Segment Open
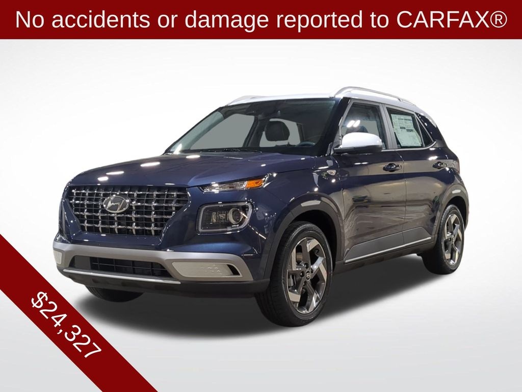 Option Group 01, Venue Limited, 4D Sport Utility, I4, FWD, Denim w/White Roof, Denim Cloth, 4-Wheel Disc Brakes, 6 Speakers, 6.5J x 17" Alloy Wheels, ABS brakes, Air Conditioning, All-Season Fitted Liners, Alloy wheels, AM/FM radio: SiriusXM, Apple CarPlay & Android Auto, Auto High-beam Headlights, Automatic temperature control, Brake assist, Bumpers: body-color, Carpeted Floor Mats, Cloth & Leatherette Seat Trim, Delay-off headlights, Driver door bin, Driver vanity mirror, Dual front impact airbags, Dual front side impact airbags, Electronic Stability Control, Emergency communication system, First Aid Kit, Front anti-roll bar, Front Bucket Seats, Front Center Armrest, Front reading lights, Front wheel independent suspension, Fully automatic headlights, Heated door mirrors, Heated Front Bucket Seats, Heated front seats, Illuminated entry, Leather Shift Knob, Leather steering wheel, Low tire pressure warning, Navigation System, Occupant sensing airbag, Outside temperature display, Overhead airbag, Overhead console, Panic alarm, Passenger door bin, Passenger vanity mirror, Power door mirrors, Power steering, Power windows, Radio: AM/FM/HD/SiriusXM w/Navigation System, Rear Seat Cup Holder, Rear window defroster, Rear window wiper, Remote keyless entry, Reversible Cargo Tray, Security system, Speed control, Speed-sensing steering, Split folding rear seat, Spoiler, Steering wheel mounted audio controls, Tachometer, Telescoping steering wheel, Tilt steering wheel, Traction control, Trip computer, and Variably intermittent wipers. CARPLAY, ANDROID AUTO, BLUETOOTH, BACKUP CAMERA, BLIND SPOT ASSIST, Venue Limited, 4D Sport Utility, I4, FWD, Denim w/White Roof, Denim Cloth.
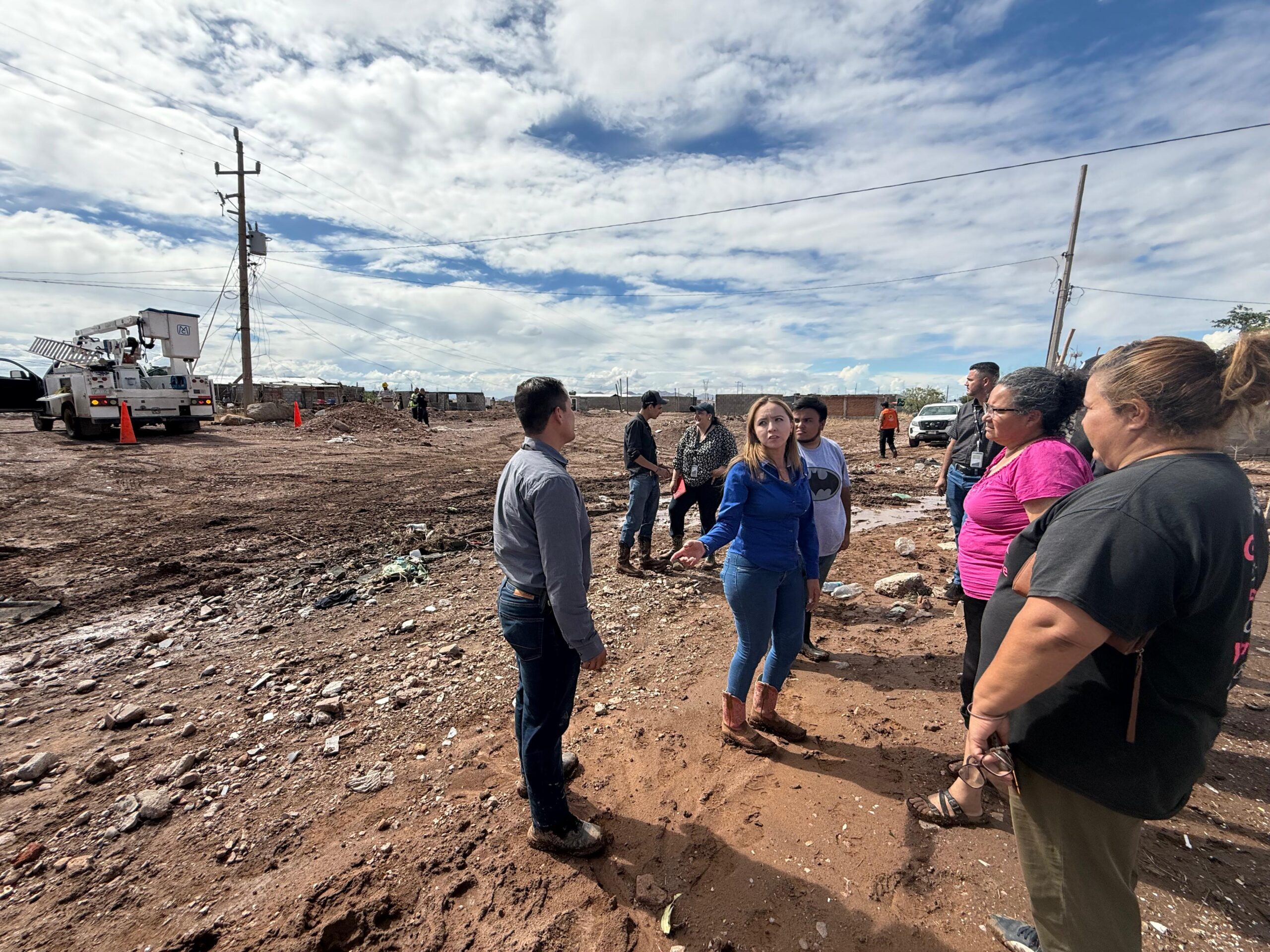 Chihuahua, Chih. – Como parte de los recorridos que ha estado realizando en el Distrito 16 ante las recientes lluvias que han provocado severas inundaciones en la capital, la diputada local por el PAN, Carla Rivas, atendió una emergencia en el cruce de la colonia Ampliación Valle Dorado y 11 de febrero, donde vecinos reportaron que un arroyo presentaba una descarga eléctrica, poniendo en peligro a las familias de la zona.
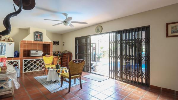 Additional features include an automated double garage with an extra enclosed carport and ample parking space in front of the property. This home is pet-friendly and secured with an alarm and CCTV system, complemented by a 24-hour patrol guard. For uninterrupted connectivity and power, the property is fibre-ready and equipped with an 8KW hybrid inverter, lithium batteries, and 8 solar panels, ensuring comfort during loadshedding. Premises include a commercial pool and open braai area for parties.
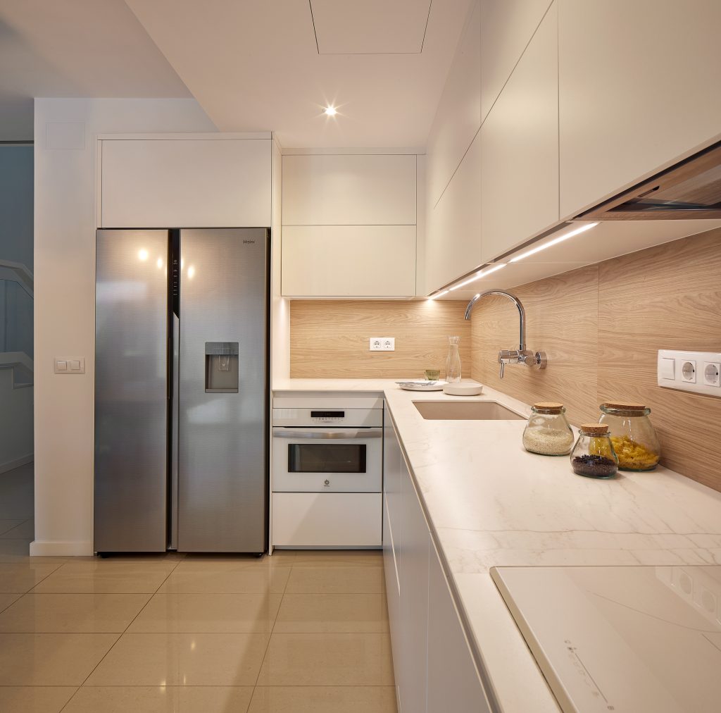 • The Neolith Montblanc countertop stands out for its durability and smooth finish, which combines perfectly with the rest of the kitchen, maintaining consistency in the light and bright tones.
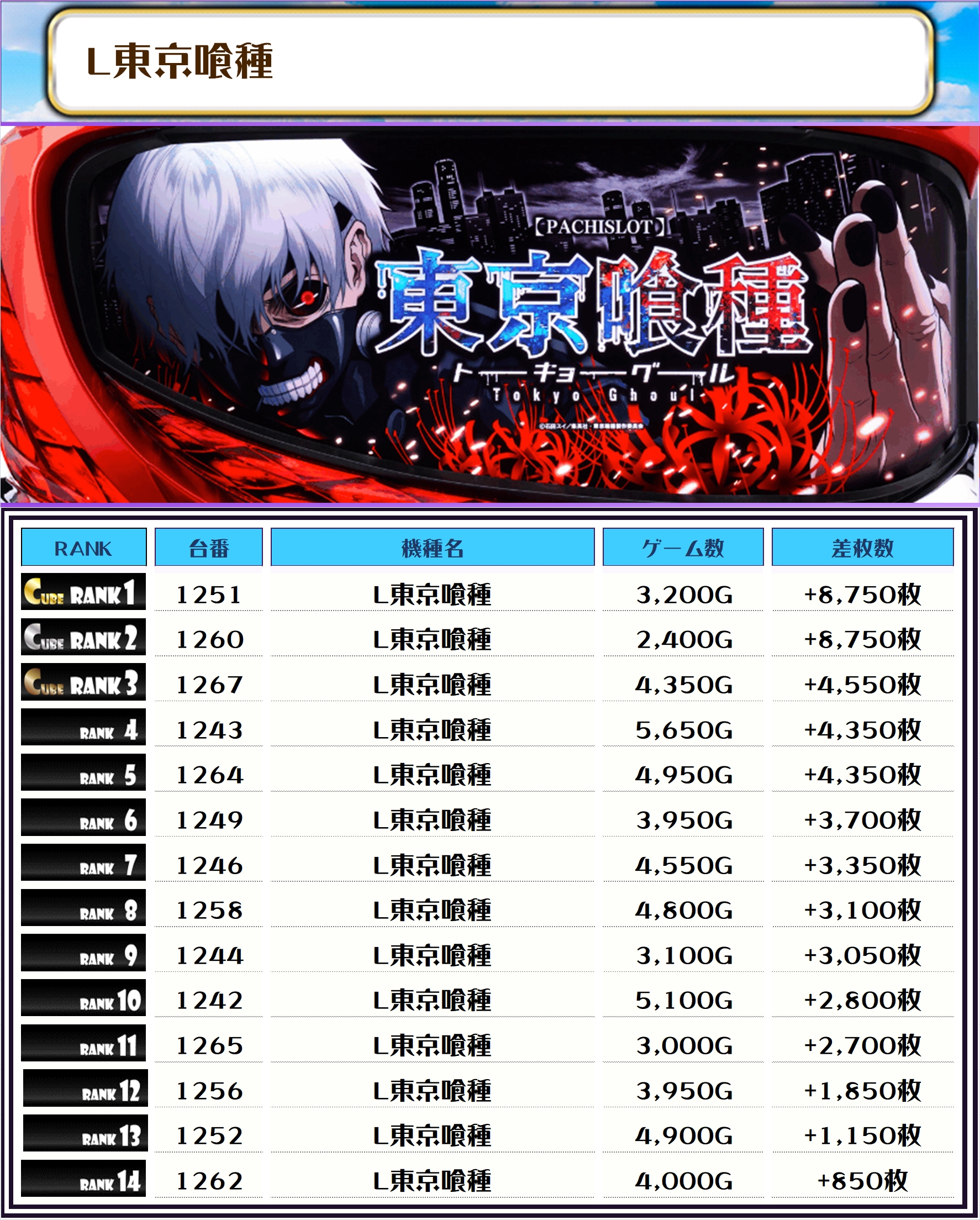 そして、今回あっしがピックアップしたのは、L東京喰種・炎炎ノ消防隊2・ネオアイム・ゴージャグ3の4機種でやんす📷
Segment Closed
=== ABOUT THIS TASK ===
Set down, word for word, the full listing above, and carry over no pictures.

=== ANSWER SECTION ===
 Option Group 01, Venue Limited, 4D Sport Utility, I4, FWD, Denim w/White Roof, Denim Cloth, 4-Wheel Disc Brakes, 6 Speakers, 6.5J x 17" Alloy Wheels, ABS brakes, Air Conditioning, All-Season Fitted Liners, Alloy wheels, AM/FM radio: SiriusXM, Apple CarPlay & Android Auto, Auto High-beam Headlights, Automatic temperature control, Brake assist, Bumpers: body-color, Carpeted Floor Mats, Cloth & Leatherette Seat Trim, Delay-off headlights, Driver door bin, Driver vanity mirror, Dual front impact airbags, Dual front side impact airbags, Electronic Stability Control, Emergency communication system, First Aid Kit, Front anti-roll bar, Front Bucket Seats, Front Center Armrest, Front reading lights, Front wheel independent suspension, Fully automatic headlights, Heated door mirrors, Heated Front Bucket Seats, Heated front seats, Illuminated entry, Leather Shift Knob, Leather steering wheel, Low tire pressure warning, Navigation System, Occupant sensing airbag, Outside temperature display, Overhead airbag, Overhead console, Panic alarm, Passenger door bin, Passenger vanity mirror, Power door mirrors, Power steering, Power windows, Radio: AM/FM/HD/SiriusXM w/Navigation System, Rear Seat Cup Holder, Rear window defroster, Rear window wiper, Remote keyless entry, Reversible Cargo Tray, Security system, Speed control, Speed-sensing steering, Split folding rear seat, Spoiler, Steering wheel mounted audio controls, Tachometer, Telescoping steering wheel, Tilt steering wheel, Traction control, Trip computer, and Variably intermittent wipers. CARPLAY, ANDROID AUTO, BLUETOOTH, BACKUP CAMERA, BLIND SPOT ASSIST, Venue Limited, 4D Sport Utility, I4, FWD, Denim w/White Roof, Denim Cloth.
 Chihuahua, Chih. – Como parte de los recorridos que ha estado realizando en el Distrito 16 ante las recientes lluvias que han provocado severas inundaciones en la capital, la diputada local por el PAN, Carla Rivas, atendió una emergencia en el cruce de la colonia Ampliación Valle Dorado y 11 de febrero, donde vecinos reportaron que un arroyo presentaba una descarga eléctrica, poniendo en peligro a las familias de la zona.
 Additional features include an automated double garage with an extra enclosed carport and ample parking space in front of the property. This home is pet-friendly and secured with an alarm and CCTV system, complemented by a 24-hour patrol guard. For uninterrupted connectivity and power, the property is fibre-ready and equipped with an 8KW hybrid inverter, lithium batteries, and 8 solar panels, ensuring comfort during loadshedding. Premises include a commercial pool and open braai area for parties.
 • The Neolith Montblanc countertop stands out for its durability and smooth finish, which combines perfectly with the rest of the kitchen, maintaining consistency in the light and bright tones.
 そして、今回あっしがピックアップしたのは、L東京喰種・炎炎ノ消防隊2・ネオアイム・ゴージャグ3の4機種でやんす📷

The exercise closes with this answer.